A bit of a mashup of systems here, so bear with me. Essentially, I'm having some trouble using the Backup Exec agent for Oracle, while trying to backup a remote Linux server. The BE agent appears to use RMAN to backup the databases

The backup server is on one VLAN and the target server on another, with a Cisco ASA firewall providing the only link between them. This is by design, as the backup server is to support numerous clients and each client must be on its own VLAN to prevent them from accessing each other. I have added the recommended ports to the firewall to at least allow the agent to talk to the media server.

The backup starts well enough (indeed a smaller Oracle database on the same server completes without issue) but a 200GB database, which would clearly take a few hours to complete, is not able to complete.

I believe the problem to be related to http://www.symantec.com/business/support/index?page=content&id=TECH59632, which says that a CORBA session is established on port 5633 at the start of the backup and used before each RMAN operation but, while data is being transferred, the CORBA session's socket receives no packets. Since the connection timeout on the firewall is 60 mins, the CORBA session is dropped and, when the RMAN agent tries to perform its next action, the whole process bombs. Symantec say this problem was fixed in an earlier version of Backup Exec, but do not detail any additional settings to enforce it.

Setting the connection timeout on the firewall to something high-enough to cover the backup window (e.g. 12 hours) seems like the wrong thing to do, as it is an estate-wide change, which would also affect the connection lifetime of (for example) web requests to another client's web server.

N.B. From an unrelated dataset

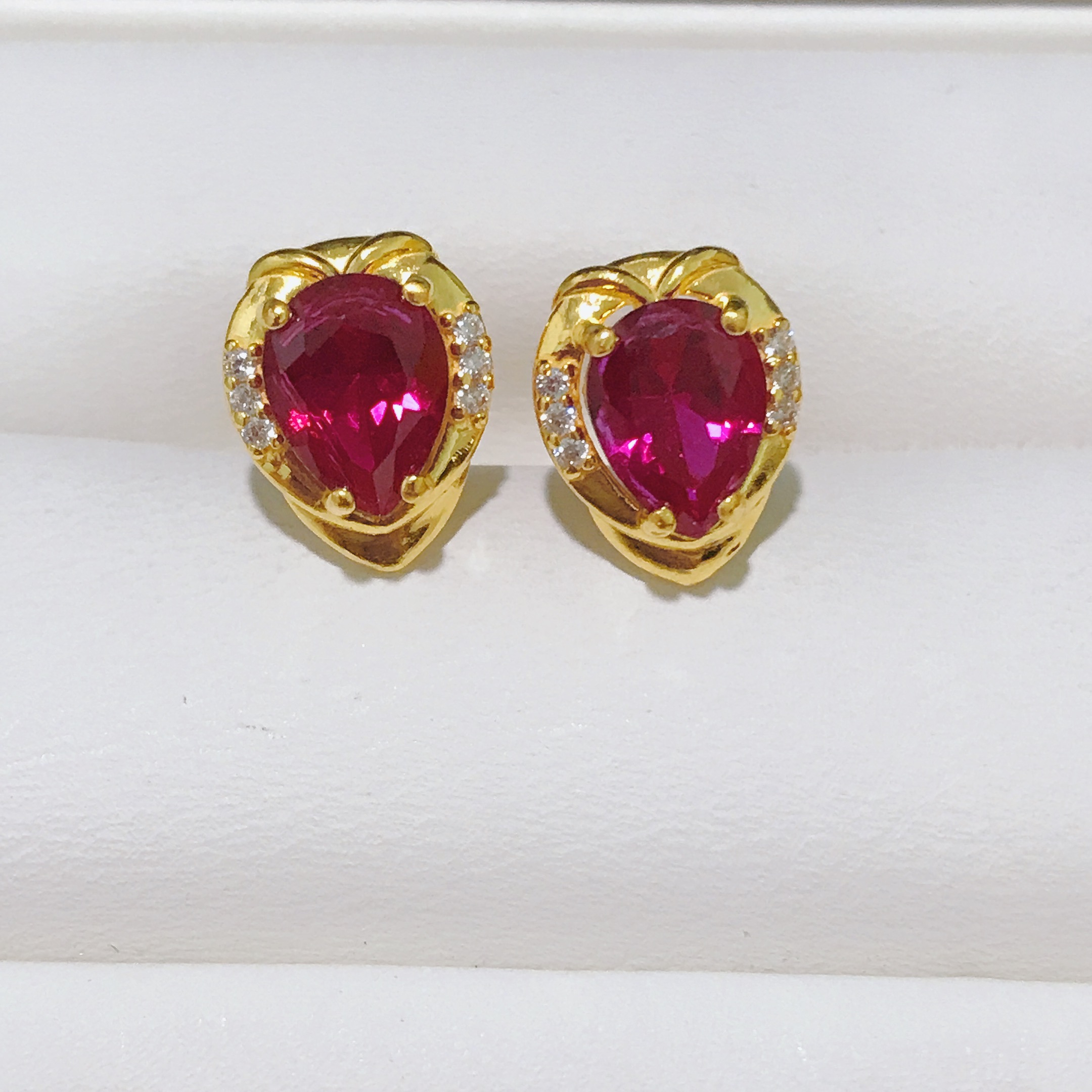 足金合成红宝石耳钉

Moving the Linux server into the same LAN as the backup server is out of the question.

I'm not a Linux guru, but I roughly know my way around. So far, I have tried starting using libkeepalive (http://libkeepalive.sourceforge.net/) to force the beremote process' socket creation to be made with a KEEPALIVE TCP flag, but a quick netstat -top indicates that it is not taking. Either I'm using libkeepalive incorrectly, or it doesn't work for the beremote binary

I guess I am looking for an option that fits with the environment I am in. I figure I'm looking for one or more of the following:

a way to configure the BE agent to keep the connection alive?
a way to inject the keepalive flag to the existing TCP connection (e.g. via a cronjob)?
a way to tell the Cisco device to increase the connection timeout for a specific source/target (maybe a policy-map)?

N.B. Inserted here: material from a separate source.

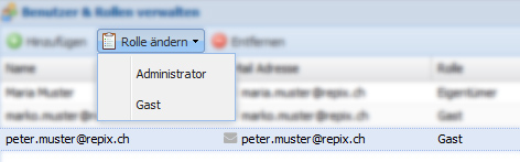 Klicken Sie auf einen oder mehrere Benutzer, um deren Rollen zu ändern (dabei darf der Eigentümer nicht in der Auswahl sein, denn dieser lässt sich nicht ändern). Wählen Sie dann die gewünschte Rolle unter "Rolle ändern" aus.
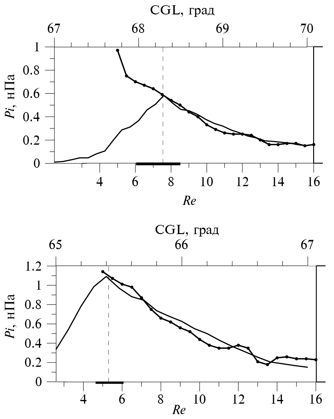 Результаты такого морфологического проецирования (тонкая сплошная кривая) и сопоставления с радиальным профилем давления по данным THEMIS (кривая с точками) представлены на рис. 7. Верхняя горизонтальная шкала на рис. 7 показывает исправленные геомагнитные широты, а нижняя – радиальное расстояние, на которое эти широты проектируются в экваториальную плоскость магнитосферы. Так как разброс данных в экваториальной плоскости на больших Re очень значительный, верхняя и нижняя шкалы в данном представлении не интерпретируются как соответствующие друг другу по всей длине. Важным в этом подходе является (1) схожесть поведения ионного давления с увеличением широты в ионосфере и расстояния в экваториальной плоскости при определении только в двух крайних точках: положение максимума на ионосферных высотах и положение минимального давления на расстояниях ~13−14 Re и (2) определение положения проекции границы b2i в экваториальной плоскости.

Any/all (other) ideas welcome...

J.

RE: Comment by @Weaver

As requested, class-map, policy-map and service-map entries...

class-map CLS_INSPECTION_TRAFFIC
 match default-inspection-traffic
class-map CLS_ALL_TRAFFIC
 match any
class-map CLS_BACKUPEXEC_CORBA
 description Oracle/DB2 CORBA port for BackupExec traffic
 match port tcp eq 5633
!
!
policy-map type inspect dns PMAP_DNS_INSPECT_SETTINGS
 parameters
  message-length maximum client auto
  message-length maximum 1280
policy-map PMAP_GLOBAL_SERVICE
 class CLS_INSPECTION_TRAFFIC
  inspect dns PMAP_DNS_INSPECT_SETTINGS 
  inspect ftp 
  inspect h323 h225 
  inspect h323 ras 
  inspect rsh 
  inspect rtsp 
  inspect esmtp 
  inspect sqlnet 
  inspect skinny  
  inspect sunrpc 
  inspect xdmcp 
  inspect sip  
  inspect netbios 
  inspect tftp 
  inspect ipsec-pass-thru 
  inspect icmp 
  inspect snmp 
 class CLS_BACKUPEXEC_CORBA
  set connection timeout idle 1:00:00 dcd 
 class CLS_ALL_TRAFFIC
  set connection decrement-ttl
!

Weaver · Accepted Answer · 2011-07-27T00:47:50.607

Background on ASA Timeout/Timers:

The global timeout conn is TCP virtual circuit (session) idle timer and defaults to 60 minutes. The global timeout udp is for UDP holes and defaults to 2 minutes. The global timeout xlate is for clearing up translations that linger around after a conn has timed out. The conn (TCP) timeout takes precedence over the xlate timeout. The next paragraph further explains the relationship between conn and xlate timers.

If a conn is successfully torn down via TCP teardown, the conn and xlate go with it (if dynamic xlate, static NAT and static PAT xlate's are never removed). If a conn times out, then the xlate timer is taken into account. If the xlate times out first (you set it real low) it will not take down the connection until the conn times out.

The ASA has several methods for dealing with the varying timeouts. Conn is one where the global setting can be overridden based on class-map -- this should be preferred over increasing the global setting if possible.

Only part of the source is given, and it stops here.